Sue was staying at her parents home in Henley-on-Thames when she visited the Chinese Visa Application Centre in the City of London on December 16.
She was planning a holiday to the Great Wall of China and needed the appropriate travel documentation.
She said: ‘Inside the building it was full of people coughing and spluttering. I always notice this type of behaviour because I am the type of person who never gets sick. I lead a very healthy lifestyle but the coughing was very apparent.’
Sue was busy photocopying documents, touching cash machines, having face-to-face discussion with staff, using the photo booth and the centre and believes this was the crucial period when she caught the virus.
‘That was the 16th and basically it wasn’t until the 30th when I was suddenly completely and absolutely overwhelmed,’ she says.

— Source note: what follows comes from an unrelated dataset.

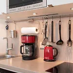 Ferienwohnung Studio Copenhagen Timmendorfer Strandはティメンドルファ-・シュトラントのリュ-ベック空港から30kmに位置し,宿泊施設中のでのWi-Fiを提供しています. アパ-トメントには,電気ポット,冷蔵庫 とオ-ブン付きのキチネットがあります.
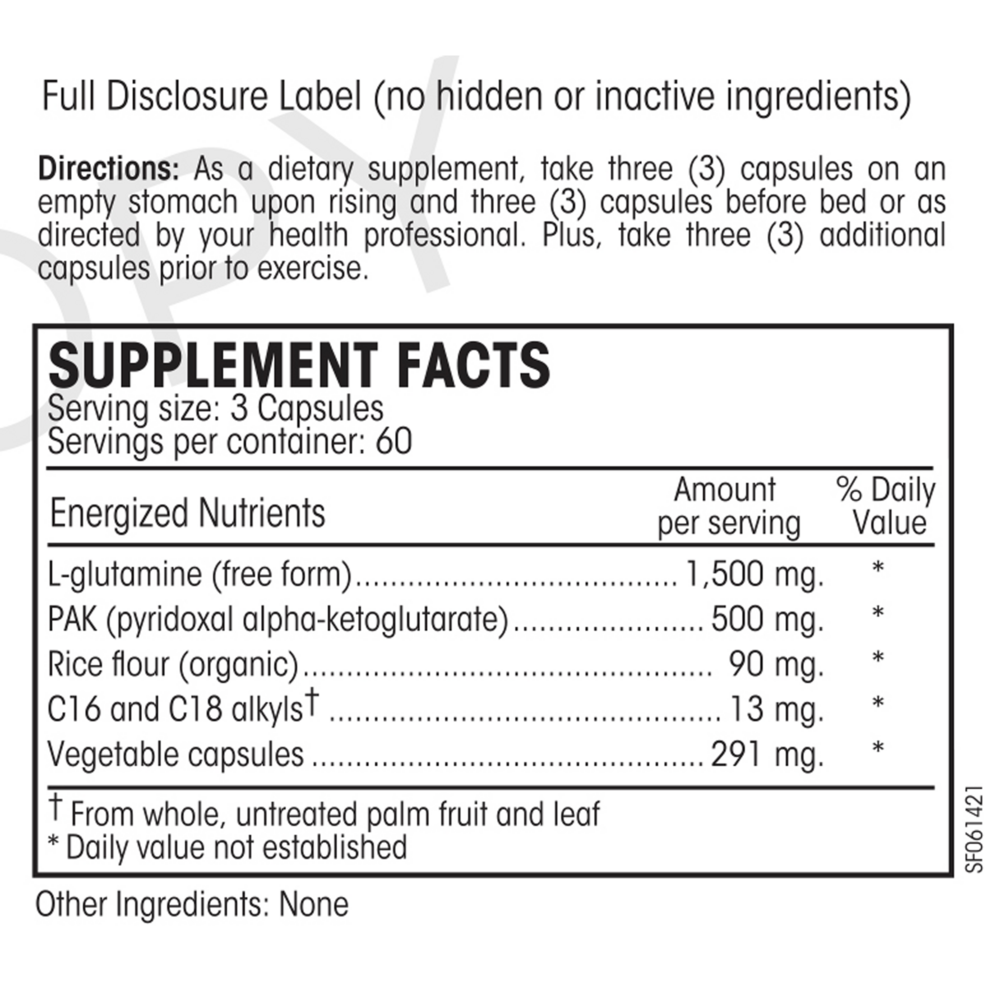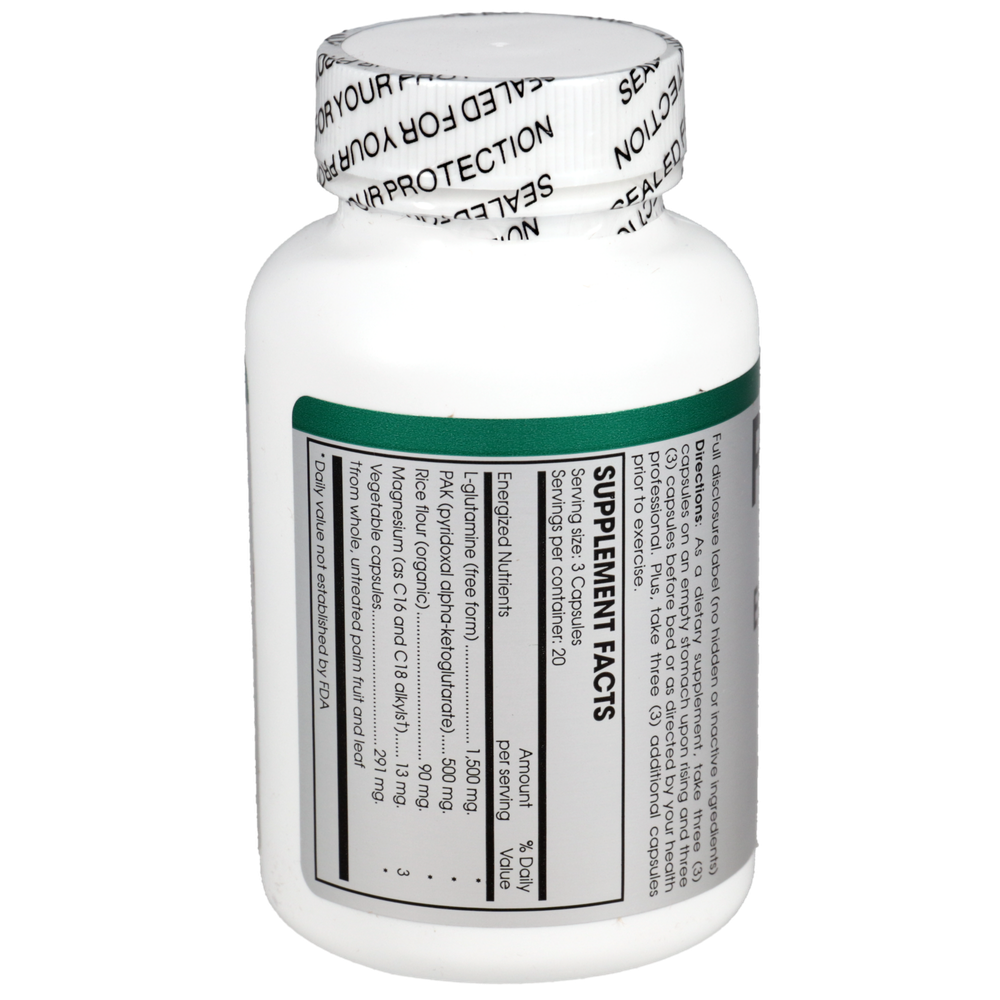 Fact: Patented combination of l-glutamine and pyridoxal alpha-ketoglutarate (PAK), a unique compound that naturally recycles l-glutamine, which allows for more efficient utilization of glutamine and prevents build-up of glutamate.*

Sue was staying at her parents home in Henley-on-Thames when she visited the Chinese Visa Application Centre (pictured, stock image) in the City of London on December 16
‘I had a high temperature, I was aching, I couldn’t breathe and I was hallucinating. I remember saying to my family ‘do not let anybody come into my room. Whatever I’ve got nobody wants it’.
‘My father is 88 and has heart failure and I was very conscious that I could not stay because whatever I had was serious. I don’t think he would be here now if I had stayed. I knew it was a virus and not just a cold or something like that.’
Sue managed to drive back to Ogwell near Newton Abbot on January 1 and spent the next month in complete isolation where she slept and did not leave the house.
Sue was planning a holiday to the Great Wall of China and needed the appropriate travel documentation
Meanwhile there had been a number of confirmed coronavirus cases in China with the first known death from the illness in the country on January 11.
However, in the UK, the virus was almost unknown outside of medical circles.
The first cases in the country were not confirmed until January 31 in York, though anecdotal evidence suggests it was here before that date.
Peter Attwood, 84, from Kent died in hospital on January 30 after he started showing symptoms, including a cough and a fever, on December 15. He is certified as the earliest Covid-related death in the UK.
Sue continued: ‘It wasn’t like anything I had experienced before. I didn’t know anything about coronavirus at the time, nobody did. I remember the first time I heard about it and it was like a light bulb moment.
‘I was extremely ill. I couldn’t even walk up the stairs. All I wanted to do was sleep. I was on my own and very ill for about a month.’
Antibody tests were offered to NHS staff in June this year and Sue, who was convinced she’d had the virus, decided to take one.
It came back positive for Covid antibodies which meant her immune system had built up a level of protection and she had indeed had the virus.
She wanted to donate plasma to help those convalescing with the virus but was told her veins were were too narrow for it to be safe.
However Sue is now worried about the long-term toll of the virus on her body after as a result of her ongoing health issues commonly connected to ‘Long Covid’.
‘I’m a keen gardener and my allotment is at the bottom of a hill. By the time I walk back I’m completely out of breath for five minutes.
She added: ‘For me my biggest anxiety is that nobody knows the long term effect it has on people’s health.
‘What I don’t understand is why they are not looking at a person’s lung capacity. I don’t know what long term damage has been done to my lungs and nobody seems to be considering it.’
She also thinks the incubation period of the disease is longer than commonly thought.
‘I hadn’t been unwell in the 14 days between my visit to the visa centre and the 30th and had carried on as normal over Christmas. But nobody else in the household got ill, not my father or grandmother.
‘It is my belief, because of my personal experience, that you start being contagious when the coughing begins.’
Current health advice is that people appear to be most infectious two days before they develop symptoms.